Надо признаться, у меня был на этот счет свой собственный складный рассказ-нарратив. Когда я вернулся из Африки в Санта-Круз, мои прогрессивные друзья все еще силились понять, как Трампу удалось выиграть. И мне вспомнилось публичное мероприятие, в котором я однажды участвовал вместе с Клэем Шерки, оптимистически настроенным специалистом по социальным сетям. Он рассказал слушателям, как потрясены были профессиональные нью-йоркские ресторанные критики, когда Zagat – «народная» служба оценки ресторанов, основанная на краудсорсинге, – назвала лучшим рестораном города «Юнион-сквер-кафе». Тезис Шерки состоял в том, что профессиональные критики много о себе мнят и что фактически в эпоху «больших данных» необходимость в критиках даже и вовсе отпадает. Проигнорировав то, что «Юнион-сквер-кафе» – мой любимый нью-йоркский ресторан («народ» рассудил верно!), я в ответ кисло поинтересовался, не считает ли Шерки столь же никчемными литературных критиков, предпочитающих Элис Манро Джеймсу Паттерсону[6]. Но теперь победа Трампа дала Шерки новый повод посмеяться над экспертами. Социальные сети позволили Трампу двигаться в обход критического истеблишмента, и в ключевых штатах, где предпочтения разделились примерно пополам, набралось как раз достаточно народа, отдавшего его низкопробному комедиантству и зажигательным речам предпочтение перед нюансированными доводами Клинтон и ее умением держать политический курс. За тем-то последовало то-то: без Твиттера и Фейсбука никакого Трампа не было бы.

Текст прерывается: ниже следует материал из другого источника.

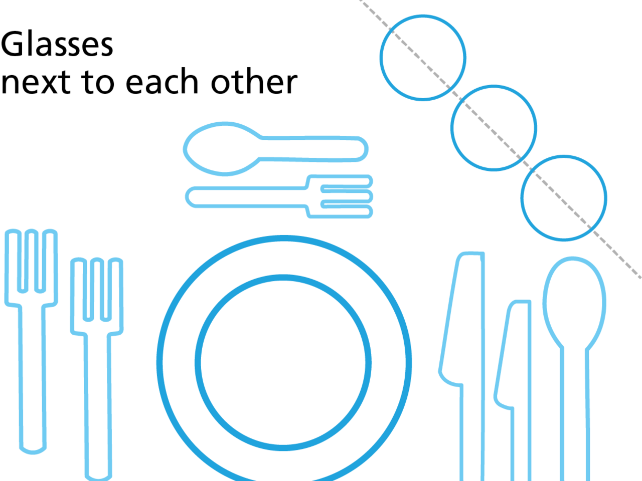 Every glass has its own place on a stylishly laid table. In practice, there are two common options for positioningred, white and water glasses.

После выборов Марк Цукерберг, похоже, признал в какой-то мере ответственность за создание удобной площадки для фейковых новостей о Клинтон и согласился с тем, что Фейсбуку следовало бы активнее фильтровать новости. Что ж, удачи ему в этом. Твиттер, со своей стороны, предпочел отмалчиваться. Да и что он мог сказать под неутихающую музыку трамповских твитов? Что меняет мир к лучшему?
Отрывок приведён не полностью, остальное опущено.